Apesar dos modelos educativos poderem e serem de facto ultrapassados, jamais será ultrapassada a necessidade que as nossas crianças têm de aprenderem os vários valores éticos e morais. Reparem que a sociedade poderá mudar, e mudará, de facto, contudo, jamais mudará que todos queremos viver em paz e felizes, que todos queremos um mundo mais pacífico e com oportunidades de realização para todos. Se queremos um mundo pacífico, então temos todos forçosamente que aprender a sermos pacíficos. Não há outra via para a paz a longo prazo do que valorizar a paz e praticá-la.

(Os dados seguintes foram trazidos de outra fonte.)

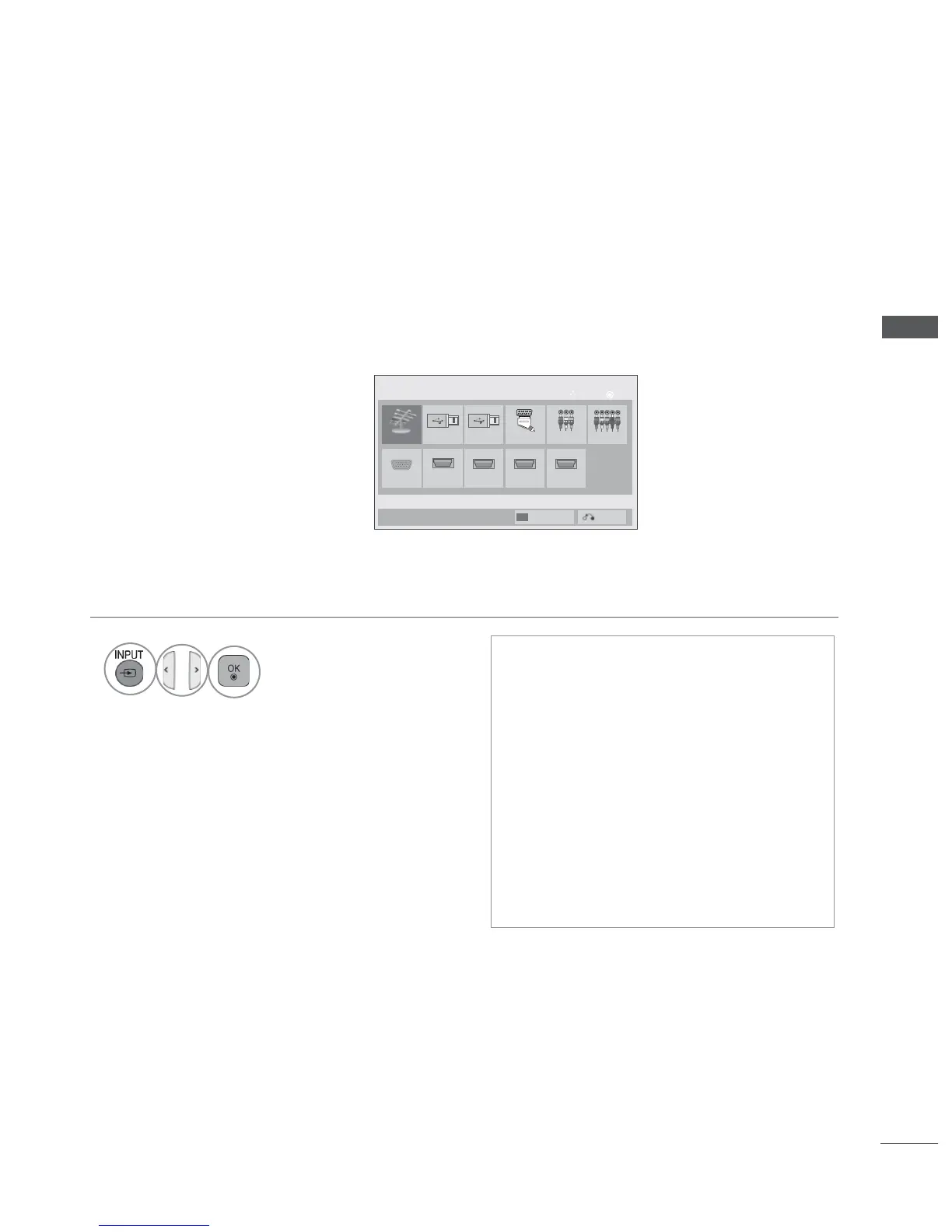 By using TV/RAD button, you can move from External Input to RF Input and to the last watched pro-
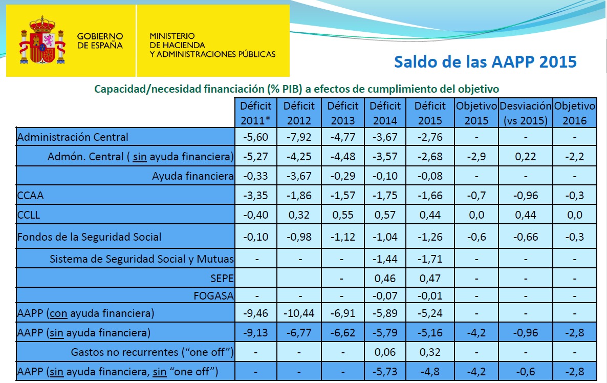 De esta forma, en 2015, según las cifras de Hacienda, sólo Canarias, Galicia y País Vasco tuvieron un déficit inferior al 0,7% del PIB al que estaban obligadas. En el lado contrario, las comunidades con más déficit son Cataluña (-2,70%), Extremadura (-2,64%), Murcia (-2,52%) y Valencia (2,51%). Montoro ha sido especialmente duro con Cataluña y Valencia, a las que ha acusado de acumular la mitad del incumplimiento total y a las que ha advertido: "Los nuevos gobiernos sólo hablan de gastar, cada vez que llegan a un acuerdo es para gastar más. Parece que el consenso sólo sirve para hacer anuncios de gasto y eso perjudica a la recuperación económica".

Os Yogis sábios da antiguidade sabiam que os valores éticos e morais são a estrutura que sustenta a paz entre os humanos. Algures, no grande épico Mahābhārata, ocorre a popular frase “ahiṁsā paramaḥ dharmaḥ” – a não-violência é a maior virtude, é o maior valor. Os Yogasūtras, no sūtra 2.30, também mencionam este valor como um dos yamas, disciplinas comportamentais nas quais nos abstemos de algo. Para a pessoa que estude Vedānta o valor da pacificidade também é conhecido e denotado pelos Mestres como sendo de suma importância. Então, este é, sem dúvida alguma, um valor a ser ensinado a todas as crianças do mundo.

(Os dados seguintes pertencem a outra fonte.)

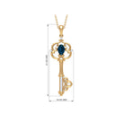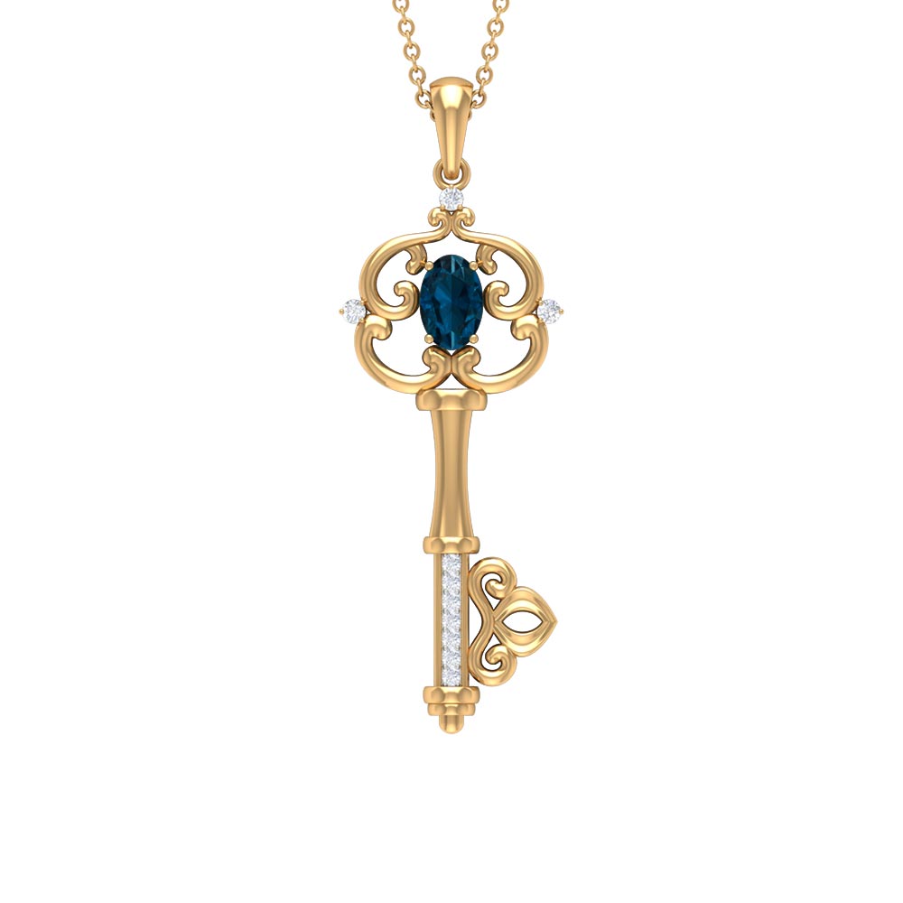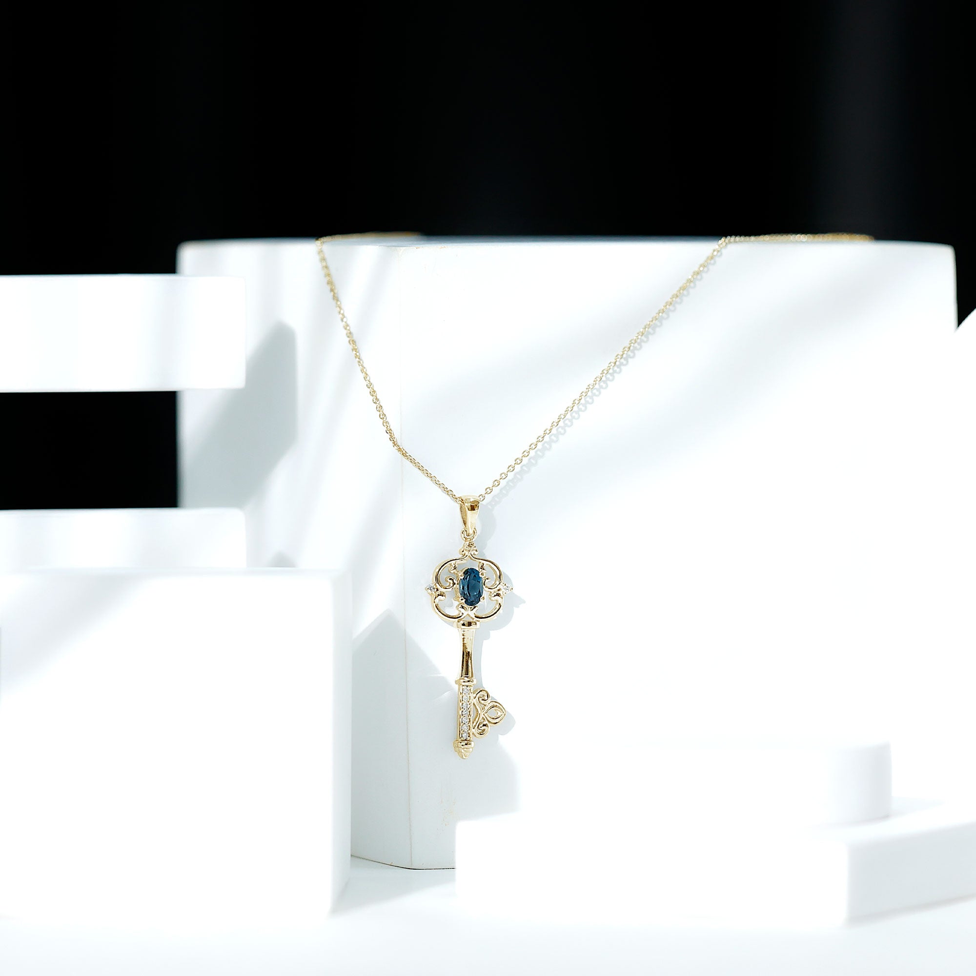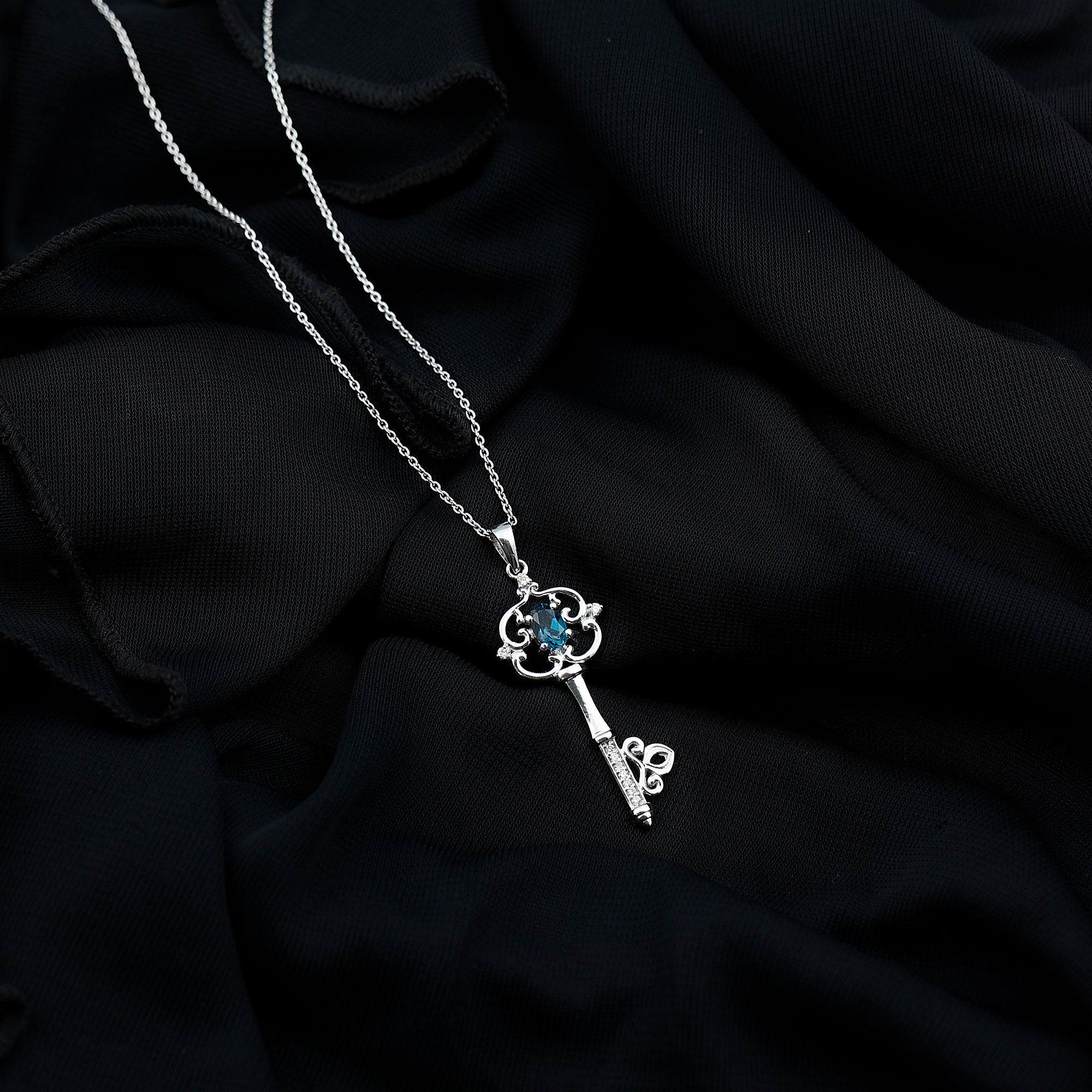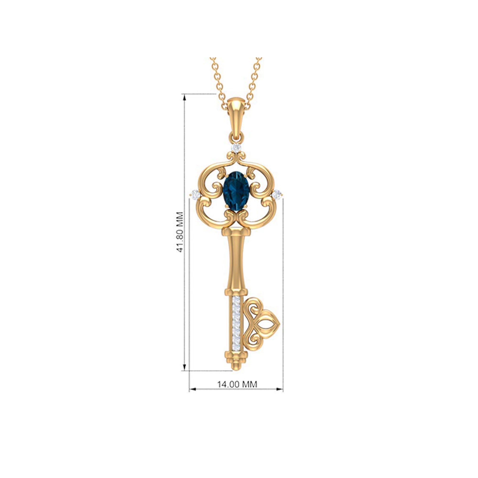 Every key unlocks something special, and maybe this one will unlock her heart for you. Dont wait, gift her this beautiful Key Charm Pendant when you express the feeling of love. Handcrafted with intricate details, the Classic Pendant features a beautifully sculpted key design, a 4X6 MM oval shaped London Blue Topaz sits gracefully in a prong setting framed by a vintage-inspired pattern and small shimmering stones. The sparkling round diamonds are set in a neat row at the bottom and an extra touch of sparkle to the overall design, making this Vintage Pendant Necklace even more catching.
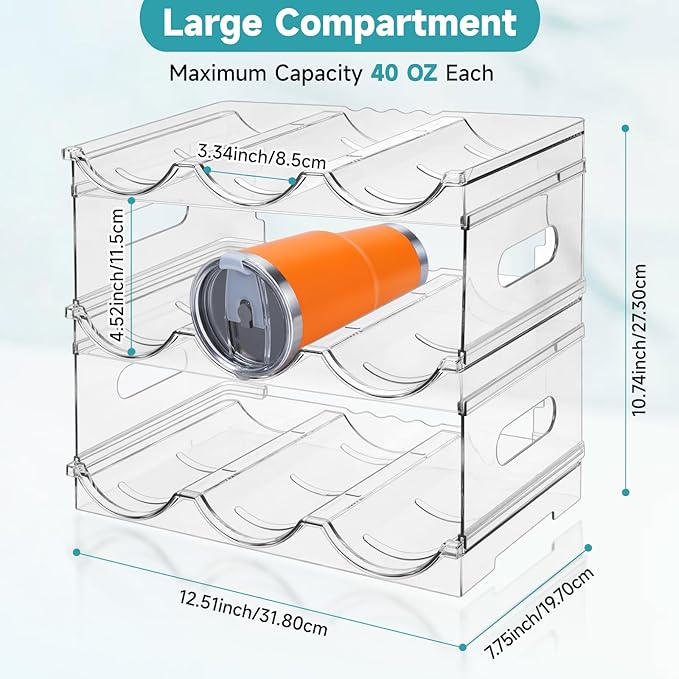 - LARGE CAPACITY: This water bottle organizer for Stanley 40 oz is made of high-quality and enduring PET anti-shatter material. Each shelf can hold up to 3 water bottles. We have upgraded the product by increasing the spacing between the two partitions to 4.3 inches, which can accommodate larger water bottles, helping you better organize large water bottles or cups in your home

Mas o que é ahiṁsā, não-violência ou pacificidade?

A definição em sânscrito é a seguinte –

वाङ्मनःकायैः सर्वभूतानां पीडाभावः अहिंसा ॥
vāṅmanaḥkāyaiḥ sarvabhūtānāṁ pīḍābhāvaḥ ahiṃsā ||
A não-violência é a ausência de violência para com todos os seres vivos, ao nível da voz, da mente e do corpo.

Este valor tem que ser valorizado através da compreensão consensual e comum de que ninguém gosta de ser objeto de uma ação violenta, seja ela mental, oral ou física. Quero dizer com isto que é do senso comum o seguinte: “se não gosto que me façam mal, que me violentem, então não farei mal aos demais, não violentarei os demais, pois também, certamente, eles não gostarão”. A reflexão nesta ideia deverá ser encorajada a todas as crianças, e deverá ser acompanhada da lembrança das emoções sentidas quando a criança se sentiu violentada. O valor da paz só poderá ser verdadeiramente valorizado quando se torna um valor para o próprio, portanto, quando o próprio o valoriza.

O mecanismo é ironicamente eficaz, pois tendemos a valorizar a paz somente quando a perdemos. Então, há que trazer à memória a perda dessa paz juntamente com as emoções consequentes. Depois, há que fazer ver a essa criança que todos queremos paz, que não é somente ela que quer paz e que, se todos formos mais pacíficos, todos teremos mais paz. A criança terá que entender que se cada um contribuir com a sua parte da paz, a paz cresce para todos. A contribuição individual resulta num benefício coletivo bem como individual.


Não é à toa que a tradição Védica nos ensina que o valor da pacificidade é o mais exaltado. A razão para isso fica clara quando se entende que a paz é o tecido onde reside a harmonia individual, familiar, social e mundial. Sem paz individual não há paz familiar. Sem paz familiar não há paz social. Sem paz social não há paz mundial.
A não-violência tem duas direções, a primeira é interna, a segunda é externa. A não-violência interna é a prática da pacificidade com o complexo corpo-energia-mente. A não-violência externa é a prática da pacificidade com o mundo externo, em todas as formas no qual está manifesto.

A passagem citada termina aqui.